The positive space is the main focal point of your image and the negative space is whatever surrounds it. The trick in photography, and indeed any art form, is to blend the two perfectly.
Get it wrong and the image won’t “work”. Get it right and the blend should tell a story.
For example, if we take this image of a man and his daughter on a sunny beach, by cropping in too much it doesn’t really do much. The positive space is the people and the negative space is the small amount of sea and beach surrounding them.
But by moving back and using a wide angle lens, we suddenly bring a ton of negative space into the frame…
This adds a whole new dynamic to the image and gives a real feeling of space and solitude.
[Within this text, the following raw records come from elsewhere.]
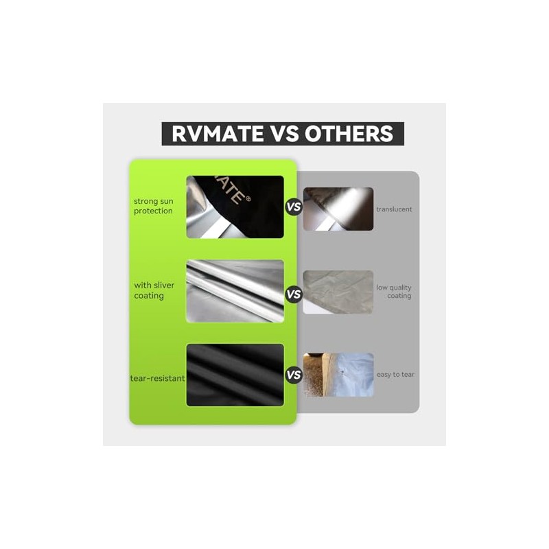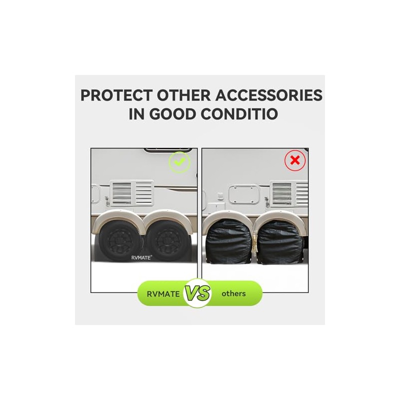 - Función: la funda para neumáticos RVMATE de doble rueda está hecha de tela Oxford 420D resistente con revestimiento plateado que es impermeable, resistente a los rayos UV y proporciona un fuerte sombreado. Esto protege tus neumáticos de la luz solar, la nieve, el óxido y la suciedad, asegurando que permanezcan en buenas condiciones incluso en condiciones climáticas adversas.
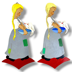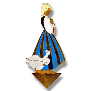 1960er Rie-Bilder: Gänsemagd mit wehendem Haar, handbemalt auf 0,5 mm-Sperrholz, 25cm [EN] 1960s Rie-Bilder: Goose Girl with flowing hair, hand-painted...
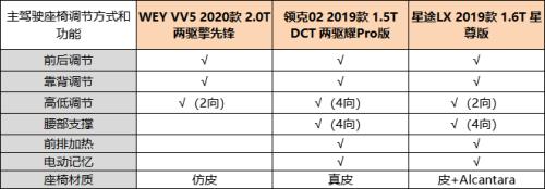 相比尺寸大小这个问题,紧凑级SUV的乘坐舒适性才更能体现出高级感,也是消费者比较受关注的点。三款车的主驾座椅都有着丰富的调节方式,其中领克02和星途LX更是拥有4向腰部支撑、前排座椅加热和电动记忆功能。而材质上,采用Alcantara和皮质混搭的星途LX则更胜一筹。
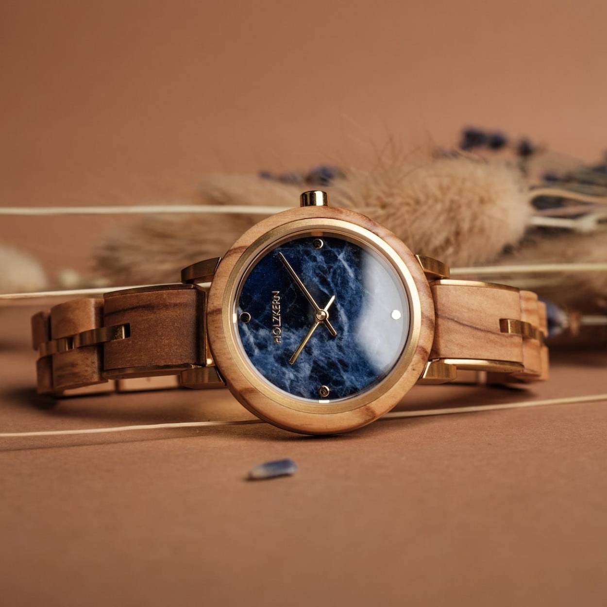 The smooth interplay between olive wood, blue sodalite and stainless steel elements in gold is inspired by the starry heavens and is meant to encourage you to think creatively every day.
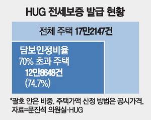 17일 문진석 더불어민주당 의원이 확보한 자료에 따르면 HUG가 발급한 전세보증 가운데 담보인정비율이 70%를 초과하는 건수는 12만8648건으로 집계됐다. 이는 전체 전세보증(17만2147건)의 약 75%에 달하는 비중이다. 주택 유형별로 보면 비아파트가 11만5127건, 아파트가 1만3521건이다. 전세보증은 집주인이 전세금을 떼먹었을 때 HUG가 대신 돌려주는 보호 제도다. 현재 이 보증은 담보인정비율이 90% 이하일 때만 가입할 수 있다. 담보인정비율은 집값에서 세입자의 전세금과 집주인의 대출(선순위 채권) 비중을 나타낸다. 보통 집값에서 전세보증금이 차지하는 비율로 여겨진다.
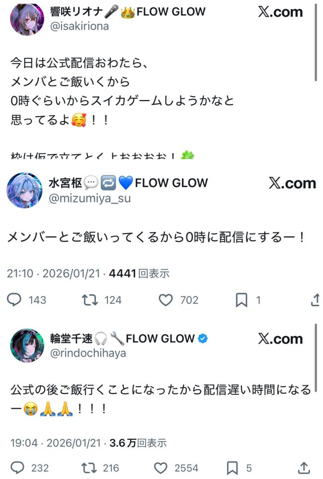| … | 2426/01/22(木)13:34:39No.1394822262+水宮もこの後9時半から配信あるから誘うの難しかったて言ってるしな |
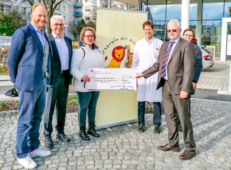 Bericht und Foto: RoMed Kliniken – Einen Spendenscheck über 4.500 Euro aus dem Reinerlös des „Lions Club Bad Aibling-Mangfalltal Golfturniers 2022“ überreichten jetzt dessen Vertreter Präsident Dr. Josef Krapf (2.v.l.) und Bernd Schmitt (2.v.r.) an die Vorsitzende des Fördervereins der Kinderklinik Rosenheim e. V. Mihaela Hammer (3.v.l.) sowie an die 2. Vorsitzende Jasmin Harre-Göhsl (1.v.r.).
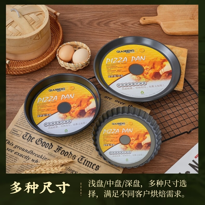 Qiao Bo Lai pizza pan baking pan household oven baking 6-inch 7-8-9-10 inch round pizza set cake mold 1 large brush
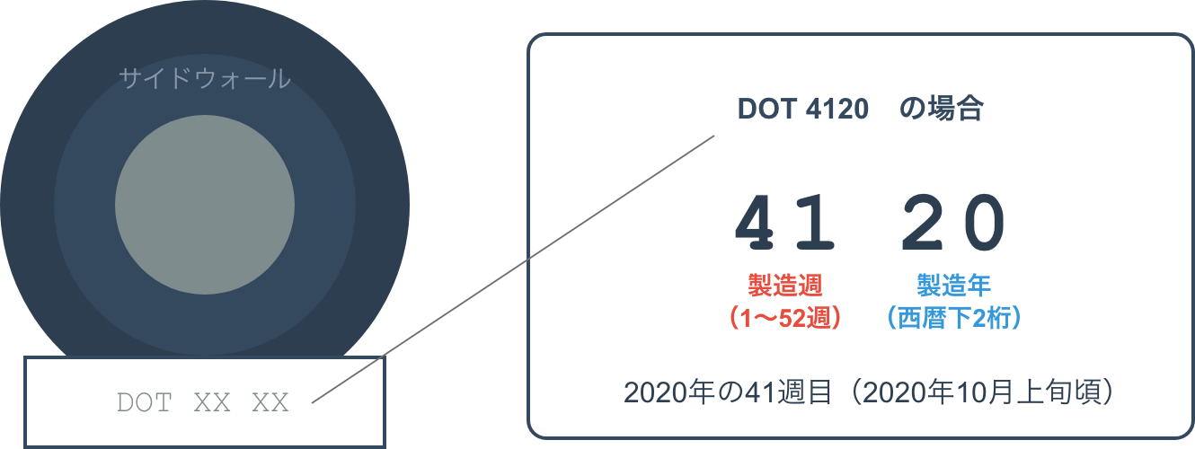 タイヤの製造年週は、サイドウォールのホイールに近い部分に刻印されています。「DOTコード」と呼ばれる英数字の末尾にある4桁の数字で確認できます。読み方は、最初の2桁が「製造週」、最後の2桁が「製造年」を表します。

Now the negative space plays a much larger part in the scene and adds a completely new dimension for the viewer and you can see this space isn’t really “negative” by any means and it adds to the overall scene.
So whenever you are composing an image, look at all four corners of the frame and think about it before pressing the shutter. How do you want the subject to blend with the surroundings?
Can you bring something else into the negative space that will enhance the positive? How blurred do you want the negative space?
Once you understand this, you should be able to dramatically improve your photography and once it really sinks in, you will look at a scene and automatically know how to frame it…a great feeling!